Since I have food & water and a home with air-conditioning and heat, I think I am set for life (yes, I know mom, I am not married yet!). So I thought my list should be of 10 things I would hate to live without:

  • Faith
  • Family
  • Friends
  • Books
  • Deep Tissue Massage
  • Mani-Pedis
  • An occasional day off from work
  • Sunrises and Sunsets
  • Travel
  • Chocolate

I hope this weekend you have a chance to enjoy the things you love,

Katina Rae Stapleton

Have Lupus, Will Travel (HAWMC #5)

Today’s HAWMC prompt was: “Go to flickr.com/explore and write a post inspired by the image. Can you link it to your health focus?

When I explored Flickr, I spotted this lovely (copyrighted) picture by Rob Dickenson of Hawea. It reminded me very much of my own travels around the world. When I first was diagnosed with lupus as a teen, I was terribly afraid that I wouldn’t be able to travel or that I would travel, but get sick on the road. Over the years I have had a chance to travel several times to the Caribbean, to Europe and across the United States (even Hawaii and Alaska). I came up with several rules that help make traveling easier for me:

  1. I make sure I have all my medicine, including meds I take regularly and “emergency” meds that I might need if I have a flare.
  2. I plan for proper rest. On my last cruise I went to be around 9 pm every night (crazy early!) because that is what I needed.
  3. I pack things that I can use to battle muscle and joint pain. I always, always, have some sort of heating pad in my luggage.
  4. I always respect the sun. Even though I frequently go to very sunny places, I try not to tempt fate too much. I pack my trusty hat collection, sunscreen and shades and try not to linger in the sun during the heat of the day.
  5. I make sure I have at least one day after the trip to rest before returning to work. This allows me to unwind from the trip (flying sometimes makes me sick) and gear up for the 9-to-5.

If you have lupus and love to travel, what do you do to make your trips go smoothly?

Katina Rae Stapleton  

Lupus Lessons from Star Trek TNG: (Health Activist Writers Month Challenge #2)

Day 2 of HAWMC 2012: Find a quote that inspires you (either positively or negatively) and free write about it for 15 minutes.

I must confess that I spent most of my 15 minutes trying to decide what quote I was going to write about today. I finally settled on some wisdom from one of my favorite tv series: Star Trek TNG:

It is possible to commit no errors and still lose. That is not a weakness.            That is life.
-Captain Picard to Data, Star Trek: The Next Generation, “Peak Performance”
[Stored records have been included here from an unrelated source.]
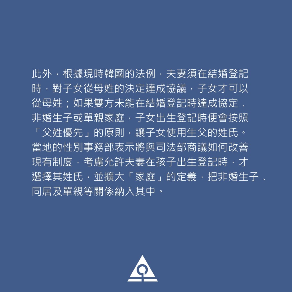 此外,根據現時韓國的法例,夫妻須在結婚登記時,對子女從母姓的決定達成協議,子女才可以從母姓;如果雙方未能在結婚登記時達成協定﹑非婚生子或單親家庭,子女出生登記時便會按照「父姓優先」的原則,讓子女使用生父的姓氏。當地的性別事務部表示將與司法部商議如何改善現有制度,考慮允許夫妻在孩子出生登記時,才選擇其姓氏,並擴大「家庭」的定義,把非婚生子﹑同居及單親等關係納入其中。
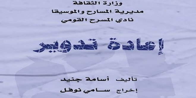 يعرض على خشبة مسرح القباني يوم السبت القادم العمل المسرحي إعادة تدوير وذلك الساعة الخامسة مساء وهي من تأليف وتمثيل أسامة جنيد وسينوغرافيا وإخراج سامي نوفل.
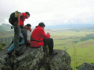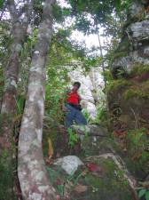 Finalmente, llegamos a la pared de la montaña y la empezamos a subir por un lado, apoyándonos y ayudándonos con las raíces de los árboles y las rocas. ¡Por fín, la cumbre! Nos sentamos en las rocas, al borde del precipicio a contemplar el paisaje tan espectacular y a divisar en la parte de abajo las últimas personas de nuestro grupo. Este era el lugar ideal para una sesión de fotos. Cada quien quería una foto para poder exhibir con orgullo en su "messenger."
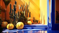 De compositie is doordacht uitgebalanceerd, met weelderige groene cactussen in gele potten die een warme, organische touch toevoegen aan de strakke architecturale lijnen. De schaduwen van de zuilen werpen een geometrisch patroon op de blauwe trap, wat diepte en dimensie geeft aan de scène. De serene atmosfeer wordt versterkt door de glanzende, reflecterende vloer die de kleuren en vormen weerspiegelt.
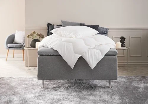 | Fyllning kvalitet | Täcke: 100% polyester (100% återvunnen), silikoniserad spiralformad hålfiber. Kudde: 100% polyester (100% återvunnen), silikoniserad spiralformad hålfiber |
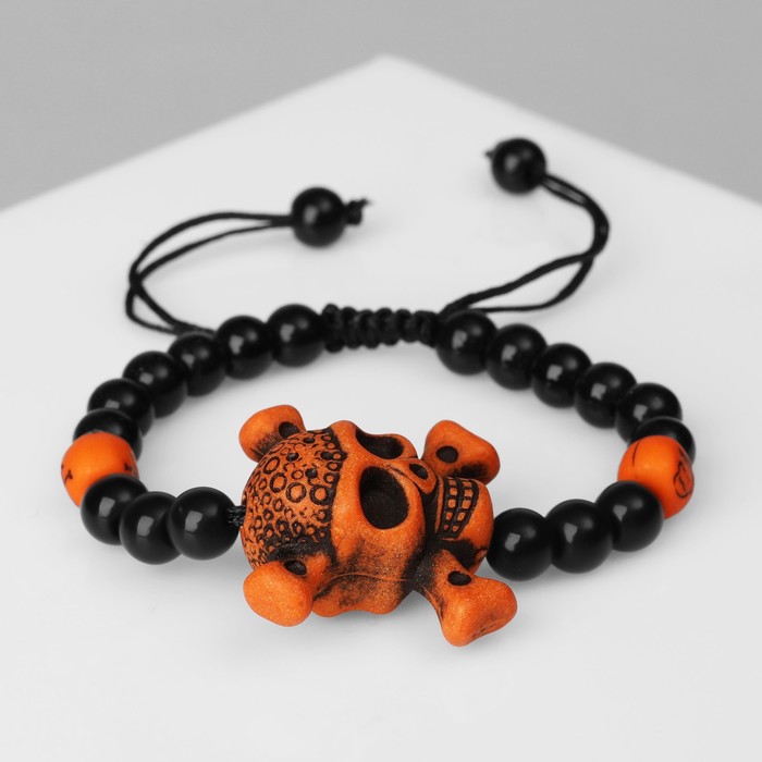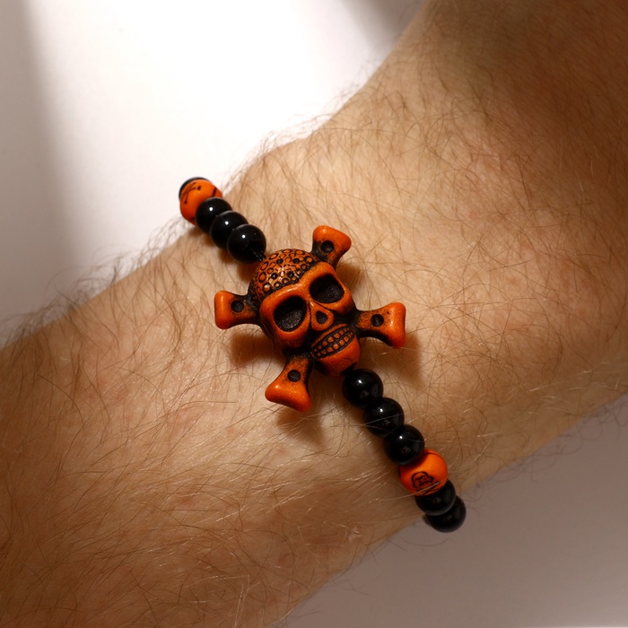Браслет с черепом и костями — этническое украшение, выполненное из текстиля, которое подчеркнет индивидуальность и стиль владельца. Его дизайн сочетает в себе элементы мрачной эстетики и оригинальности, делая его подходящим для мужчин, ценящих уникальные аксессуары. Размер 6 см обеспечивает комфортную посадку на запястье.
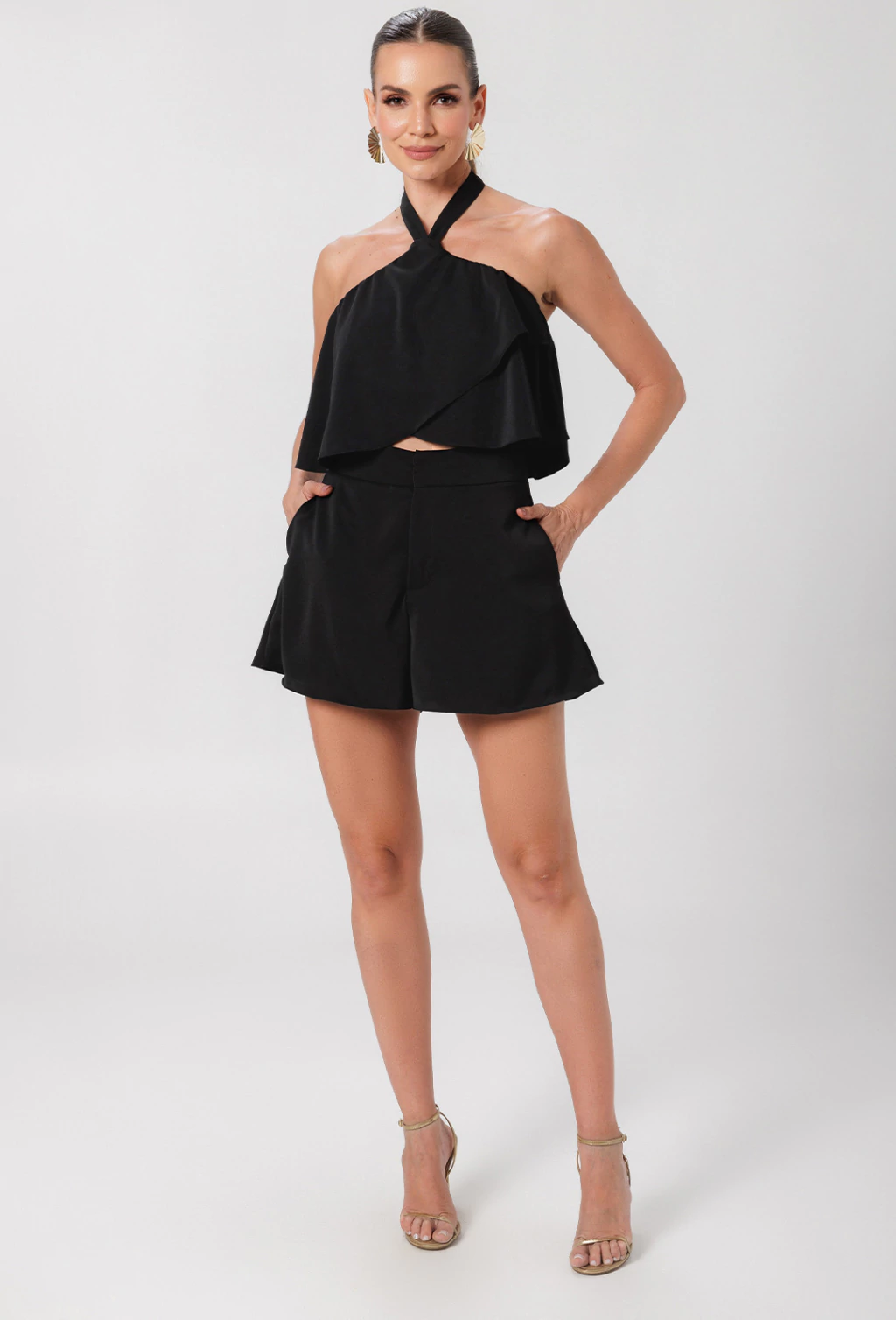 O short Joelma apresenta uma modelagem mais fluida e arejada, sendo ideal para quem busca um look sofisticado e ao mesmo tempo confortável para os dias mais quentes ou ocasiões informais. Sua modelagem "soltinha" no comprimento permite um movimento natural e não restritivo, garantindo conforto sem perder o estilo.
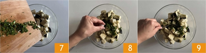 Pour the freshly prepared mixture into the bowl with the eggplants 7. Then add a pinch of salt 8 and mix everything well inside the bowl 9.
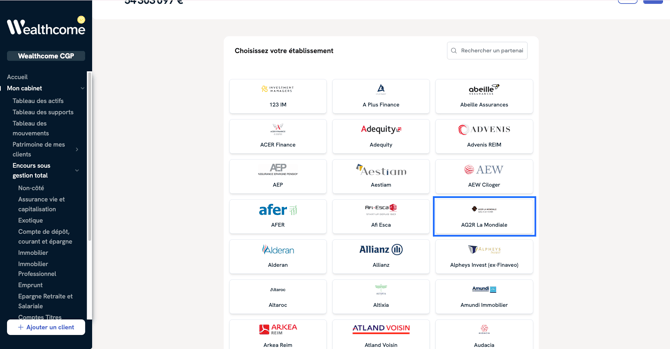 Une fois la confirmation d'AG2R du bon envoi de vos flux vers Wealthcome, connectez-vous à votre espace WealthPro, puis dans la barre latérale gauche accédez à :
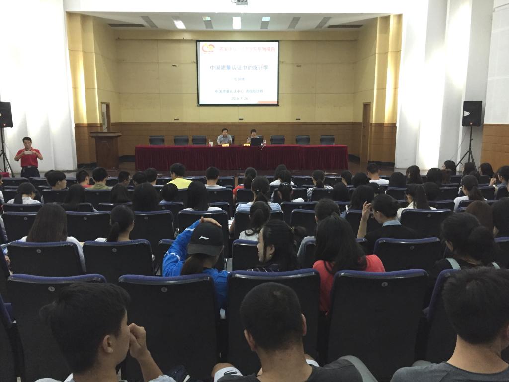 9月26日下午,应我院邀请,我校计划统计专业8201班校友、中国质量认证中心体系认证部部长、高级统计师柴越博在我校仙林校区管理学科楼报告厅作了题为“中国质量认证中的统计学”的讲座。讲座由江苏省教学名师王庚教授主持。学院部分教师、统计专业学生聆听了讲座。
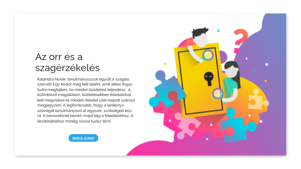 Kalandra hívlak, tanulmányozzuk együtt a szaglás szervét! Egy kódot meg kell találni, amit akkor fogsz tudni megfejteni, ha minden küldetést teljesítesz. A különbőző megállókon, küldetésekben feladatokat kell megoldani és minden feladat után kapott számot megjegyzeni. A legfontosabb, hogy a tankönyv szövegét tanulmányozd át egyszer, szükséged lesz rá. A bevezetőnél kezdd, majd lépj a feladatokhoz. A kezdőtáblához mindig vissza tudsz térni.
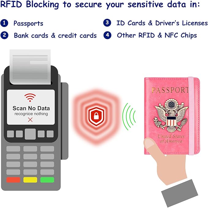 - RFID Security: The leather passport holder rfid blocking has a special material to block RFID signals so that the passport organizer can protect your personal information in your passport and credit cards from unauthorized scans. RFID blocking shielding material of the passport holder men women is used to prevent thieves from swiping your credit card to steal your personal information in airports or crowded places.
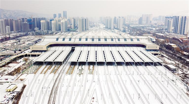 2月6日,在蘭州西站,鐵路線路隱沒(méi)在白雪之中。記者 馬軍 攝
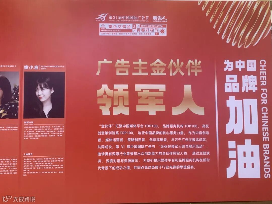 为中国品牌加油!第 31 届中国国际广告节 “金伙伴领军人物联合展示活动”,邀请拥有深厚行业背景和出众创新能力的金伙伴领军人物,共同点亮这场属于行业先锋的思想盛宴。MUSINESS商用版权音乐平台董事长 童小言女士,有幸获称“广告主金伙伴领军人物”以及“2024当代杰出广告人”。
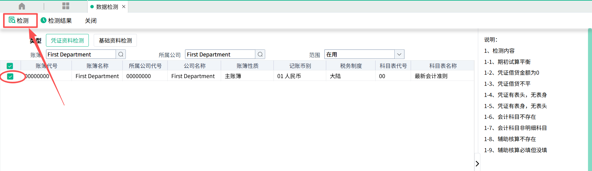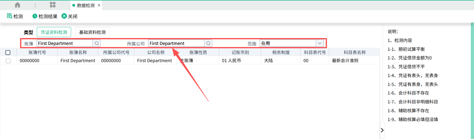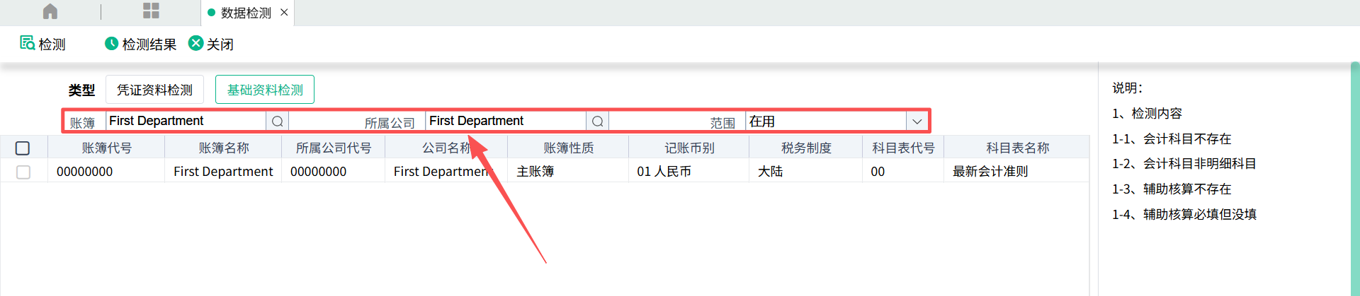 - 可设置过滤条件,含账簿/所属公司/范围,来过滤要检测的账簿信息
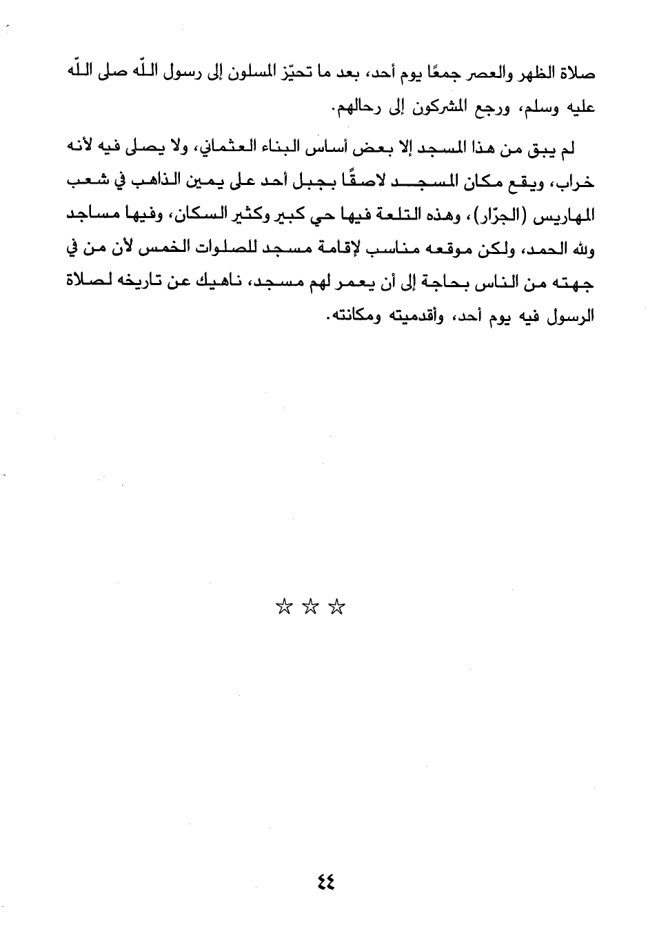 44…صلاة الظهر والعصر جمعًا يوم احد، بعد ما تحيّز المسلون إلى رسول الله صلى الله عليه وسلم، ورجع المشركون إلى رحالهم. لم يبق من ذها المسجد إلا بعض أساس البناء العثماني، ولا يصلى فيه لأنه خراب، ويقع مكان المسجد لاصقًا بجبل أحد على يمين الذاهب في شعب المهاريس (الجرًار)، وهذه التلعة فيها حي كبير وكثير السكان، وفيها مساجد ولله الحمد، ولكن موقعه مناسب للصلوات الخمس لأن من في جهته من الناس بحاجة إلى أن يعمر لهم مسجد، ناهيك عن تاريخه لصلاة الرسول فيه يوم أحد، وأقدميته ومكانته.…

Since I was diagnosed as a teen I have worked very hard to take care of myself and try to minimize the effects of lupus on my health. In the early years, I made many rebellious decisions, such as flushing my medicine down the toilet, sunbathing on the beach, and not getting enough rest. As you may suspect, this triggered lupus flares and I became very, very sick.

Other times, things would happen that were outside of my control that would also trigger flares, like getting caught in the rain, sitting in cold classrooms, or experiencing really stressful events.

What all of these things have in common is that I could see (or at least figure out) the connection between the event and the lupus flare. What has been much harder to deal with is the randomness of lupus flares that are both out of my hands and have no apparent rhyme or reason.

What I take from the Star Trek quote is that sometimes bad things happen that are not your fault. You could do everything that your doctor suggests and still have a flare. That is life and that is lupus.